| PROVIDED DATA |
++++++++++

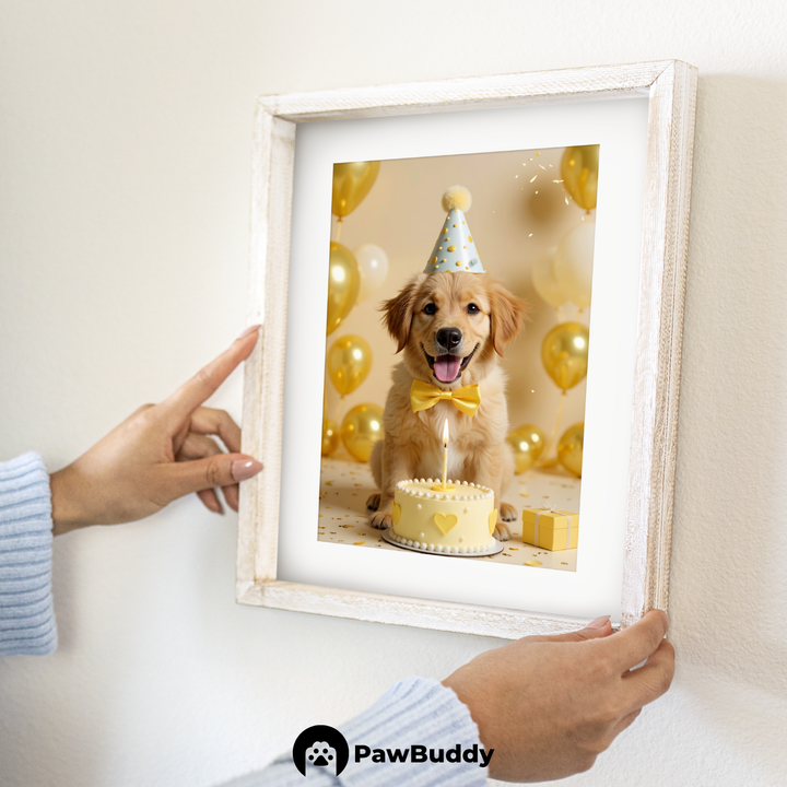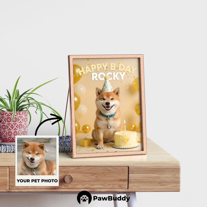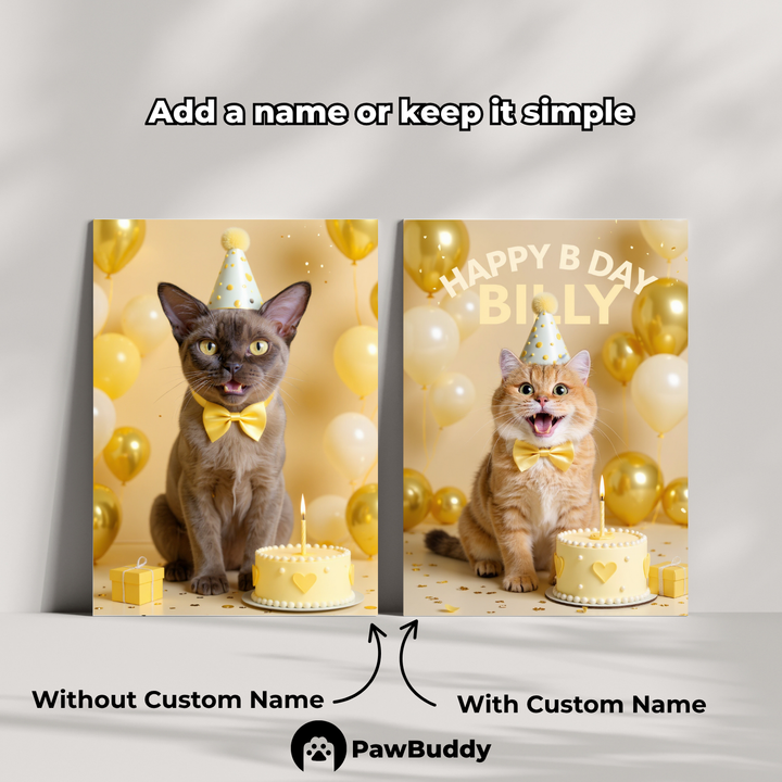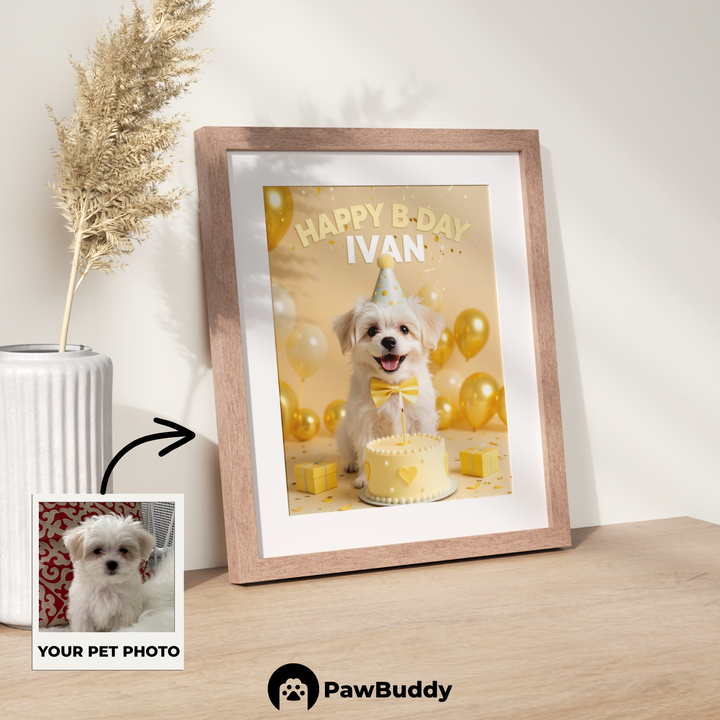 Custom Pet Poster Birthday Celebration Portrait with Gold Background – Personalized High-Resolution Matte Print for Wall Art, Home Decor, or Unique Gifts for Pet Lovers
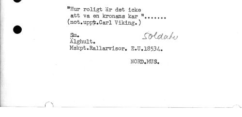 //// "Hur roligt är det icke //// att va en kronans kar "....... //// (not.uppl?.Carl Viking.) //// ^ 3m- //// Alghult. //// Mskpt.Rallarvisor. E.U.1853A. //// NORD.MUS. ////
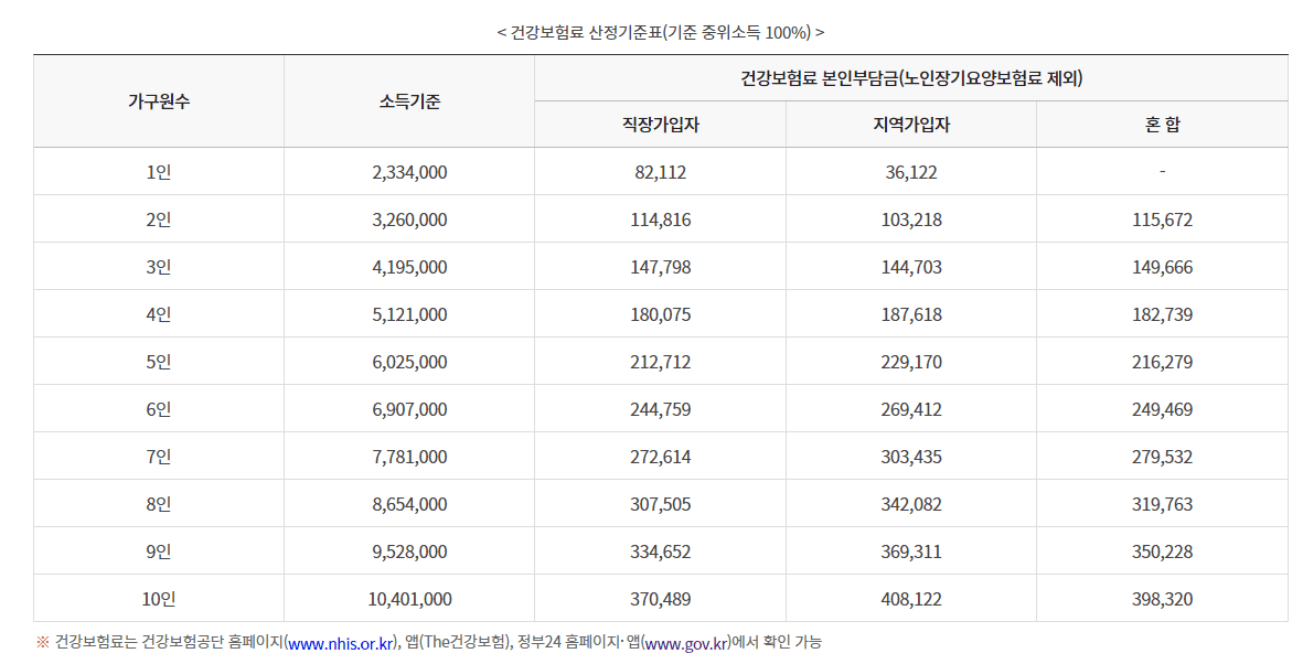 - 건강보험료는 전체 가구원 중 '보험가입자'의 본인 부담금을 합산

++++++++++

| INSTRUCTIONS TO FOLLOW |
With pictures left out, extract the lines from the one containing "E.U.1853A. //// NORD.MUS. ////" to the end of the material above, both included, exactly as written.

| TASK SOLUTION |
 //// "Hur roligt är det icke //// att va en kronans kar "....... //// (not.uppl?.Carl Viking.) //// ^ 3m- //// Alghult. //// Mskpt.Rallarvisor. E.U.1853A. //// NORD.MUS. ////
 - 건강보험료는 전체 가구원 중 '보험가입자'의 본인 부담금을 합산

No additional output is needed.